TO DO
Would you please repeat exactly the entries below, starting at the line with "It consists of" and ending at the line with "2) All our channels", and nothing outside that range? Leave out the pictures.

RECORDS FOR THE EXERCISE
┌──
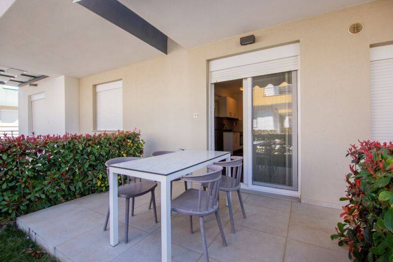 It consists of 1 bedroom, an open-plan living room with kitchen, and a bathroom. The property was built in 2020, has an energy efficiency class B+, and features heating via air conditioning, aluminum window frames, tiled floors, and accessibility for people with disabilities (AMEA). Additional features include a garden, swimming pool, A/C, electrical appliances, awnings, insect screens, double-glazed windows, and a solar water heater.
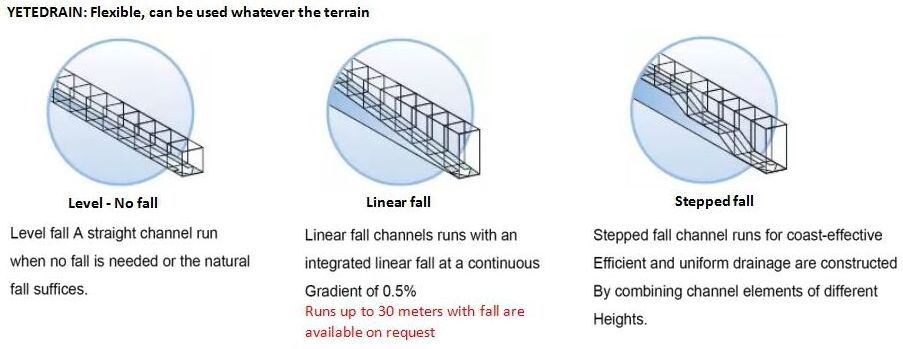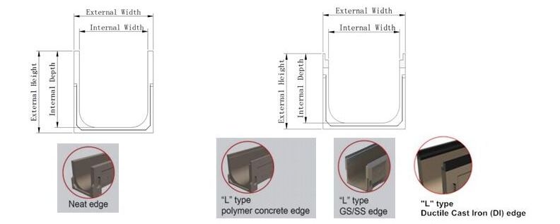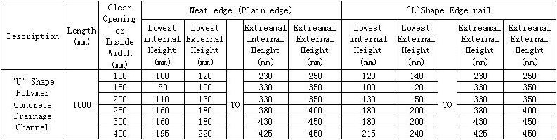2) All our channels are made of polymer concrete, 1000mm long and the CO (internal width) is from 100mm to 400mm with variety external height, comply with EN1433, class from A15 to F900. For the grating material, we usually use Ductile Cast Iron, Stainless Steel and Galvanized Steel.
└──
┌──
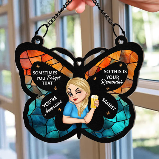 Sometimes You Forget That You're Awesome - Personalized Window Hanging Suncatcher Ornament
└──
┌──
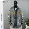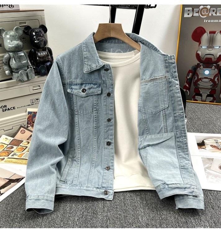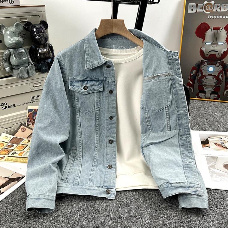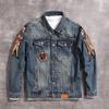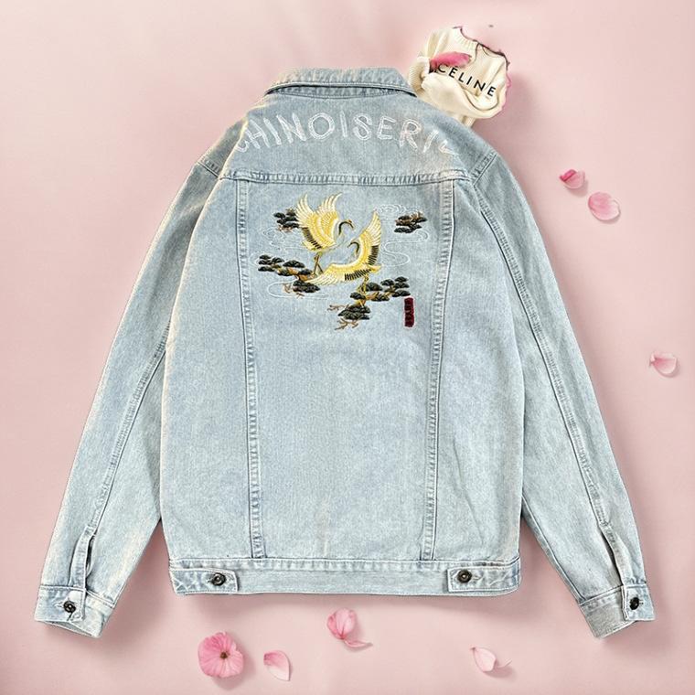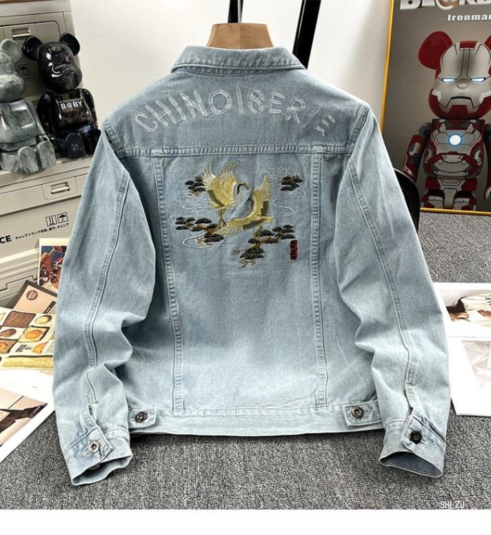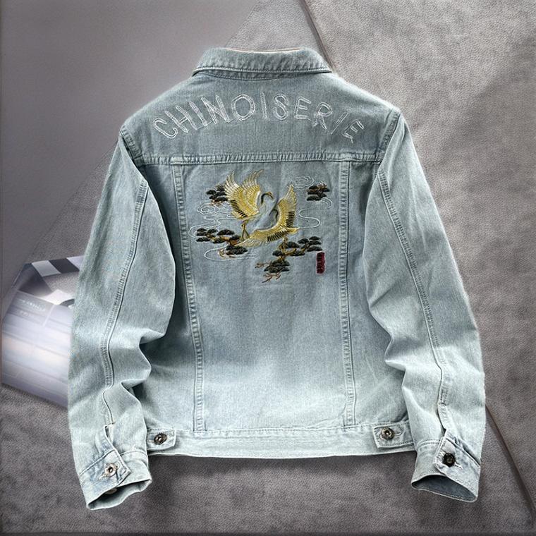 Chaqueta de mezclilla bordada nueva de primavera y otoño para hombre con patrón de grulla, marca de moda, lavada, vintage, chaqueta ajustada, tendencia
└──
ANSWER TO THE EXERCISE
 It consists of 1 bedroom, an open-plan living room with kitchen, and a bathroom. The property was built in 2020, has an energy efficiency class B+, and features heating via air conditioning, aluminum window frames, tiled floors, and accessibility for people with disabilities (AMEA). Additional features include a garden, swimming pool, A/C, electrical appliances, awnings, insect screens, double-glazed windows, and a solar water heater.
2) All our channels are made of polymer concrete, 1000mm long and the CO (internal width) is from 100mm to 400mm with variety external height, comply with EN1433, class from A15 to F900. For the grating material, we usually use Ductile Cast Iron, Stainless Steel and Galvanized Steel.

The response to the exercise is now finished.